Lors du premier de ses deux spectacles présentés à l'occasion des FrancoFolies pour clore sa tournée De colère et d'espoir, Richard Séguin a montré vendredi à l'Astral qu'il avait encore toute sa pertinence. Entouré des « deux meilleurs guitaristes du Québec», Hugo Perreault et Simon Godin, il a rempli tout l'espace possible de sa voix riche et profonde, dans un spectacle aux éclairages subtils et aux décors évocateurs.
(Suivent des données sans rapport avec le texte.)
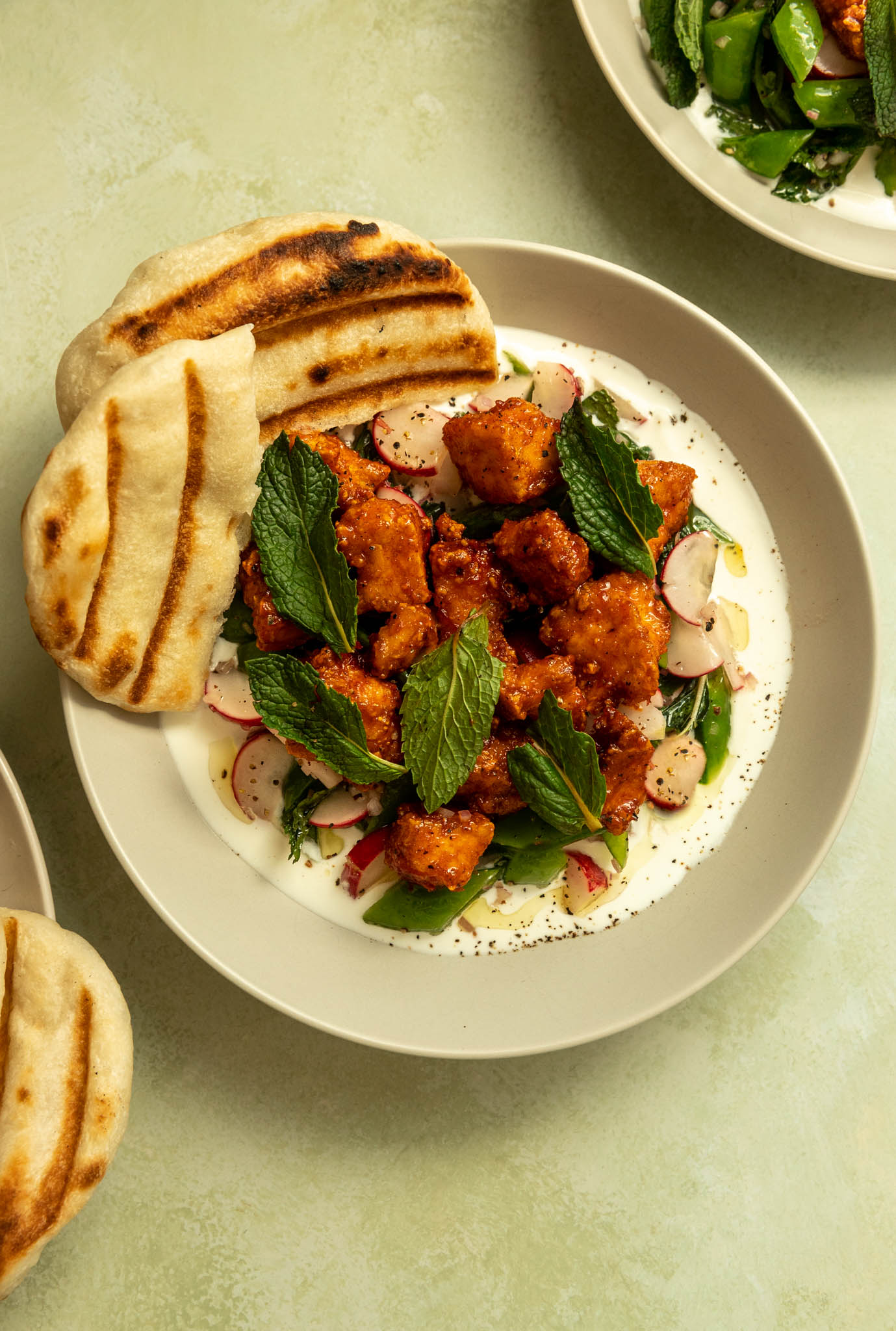 - To assemble, spoon a generous layer of whipped feta into the bottom of shallow bowls. Top with the crunchy salad and harissa tofu. Finish with a drizzle of olive oil, some freshly cracked pepper, and a few mint leaves. Serve with flatbread on the side for scooping.

Derrière, un champ de blé, surmonté d'un écran où toutes les ambiances sont projetées. Les tableaux sont multiples: d'un lever de soleil dans Pour retrouver le monde et l'amour, un texte de Miron, au rouge incandescent de La maison brûle, à la lumière éblouissante de la route pour L'Ange vagabond, hymne américain d'exil et de solitude qui n'a pas pris une ride.

C'est ce qui frappe dans ce spectacle intime: les plus vieilles chansons de Séguin, avec cet habillage cru de guitares et les voix fortes des trois hommes, ont gardé leur essence folk et se marient parfaitement aux nouvelles pièces tirées de ses deux plus récents disques, les Écris, écris, Qu'est-ce qu'on leur laisse ou In God We Trust.

Dans cet enrobage de guitares de toutes sortes - 14 en tout!-, le corpus de Séguin prend en fait une cohérence totale et le chanteur de 60 ans porte ses chansons avec vigueur et conviction. Ses interventions sont la plupart du temps punchées et drôles : il faut l'entendre évoquer l'horizon lointain de la fin du mandat de Stephen Harper - octobre 2015 -, le premier ministre qui se met « la tête dans les sables bitumineux».

Rock ou lancinant, blues ou folk, americana jusqu'au bout des ongles, Séguin est toujours debout, les mots en avant, les siens comme ceux des autres. En cadeau, en rappel, il a même chanté la traduction que Hugues Aufray a fait du Monde et des temps changent, de Dylan.

Certes, son public a vieilli. Il est loin, le temps où les spectateurs faisaient la file deux heures avant l'ouverture des portes du Spectrum. Vendredi, l'Astral n'était pas plein à craquer : les gens étaient à l'écoute et l'ambiance était plus au recueillement qu'à faire sauter le plafond.

Mais avec l'écho des succès au loin, reste un homme et ses chansons, rassembleur, qui offre un spectacle léché et réfléchi, qui s'adresse à tous ceux qui ont envie d'entendre parler d'espoir, à tous ceux qui ont envie d'écouter. Dommage pour les autres.